§ Action item:
The copy should begin at the line containing "The kit has" and end at the last line of the material. Please reproduce those lines exactly and keep pictures out.

§ Material provided:

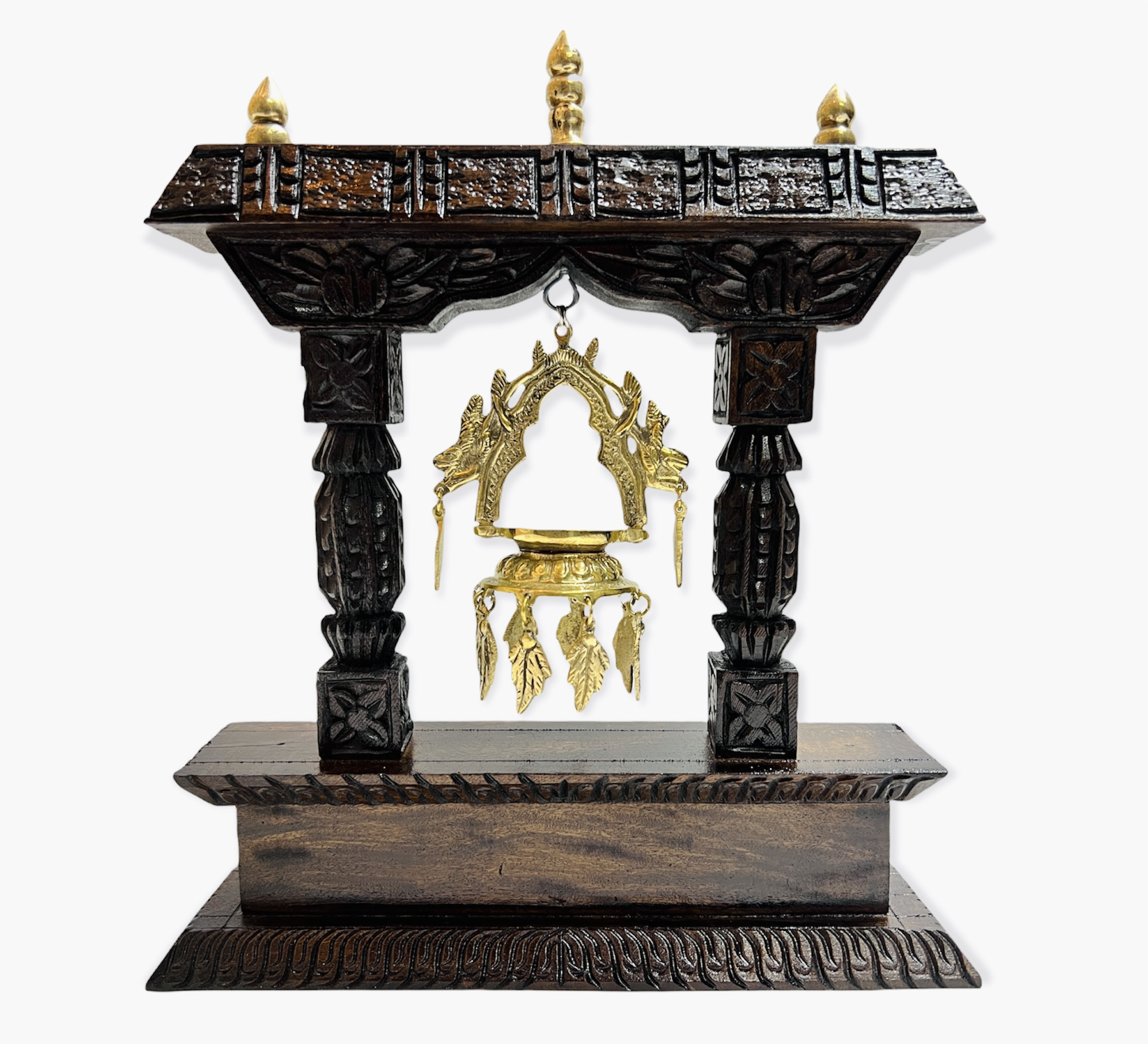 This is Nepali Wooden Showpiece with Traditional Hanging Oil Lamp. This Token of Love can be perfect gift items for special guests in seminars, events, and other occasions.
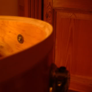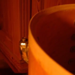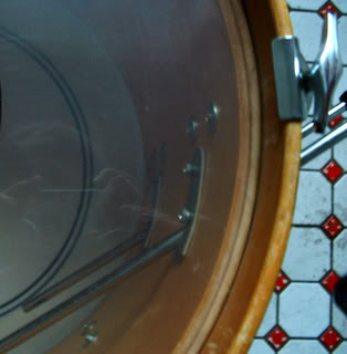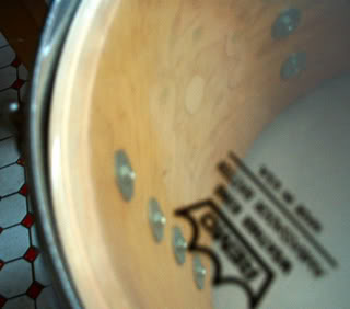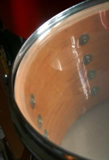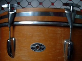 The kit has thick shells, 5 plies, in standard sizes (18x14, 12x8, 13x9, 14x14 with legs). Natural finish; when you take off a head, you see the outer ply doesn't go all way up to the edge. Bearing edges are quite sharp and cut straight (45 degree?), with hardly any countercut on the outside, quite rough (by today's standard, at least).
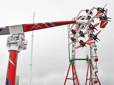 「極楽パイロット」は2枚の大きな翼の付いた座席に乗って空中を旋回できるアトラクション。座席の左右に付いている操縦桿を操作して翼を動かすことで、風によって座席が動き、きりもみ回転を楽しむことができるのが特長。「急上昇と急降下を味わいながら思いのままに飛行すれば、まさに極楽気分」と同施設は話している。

§ Answer area:
 The kit has thick shells, 5 plies, in standard sizes (18x14, 12x8, 13x9, 14x14 with legs). Natural finish; when you take off a head, you see the outer ply doesn't go all way up to the edge. Bearing edges are quite sharp and cut straight (45 degree?), with hardly any countercut on the outside, quite rough (by today's standard, at least).
 「極楽パイロット」は2枚の大きな翼の付いた座席に乗って空中を旋回できるアトラクション。座席の左右に付いている操縦桿を操作して翼を動かすことで、風によって座席が動き、きりもみ回転を楽しむことができるのが特長。「急上昇と急降下を味わいながら思いのままに飛行すれば、まさに極楽気分」と同施設は話している。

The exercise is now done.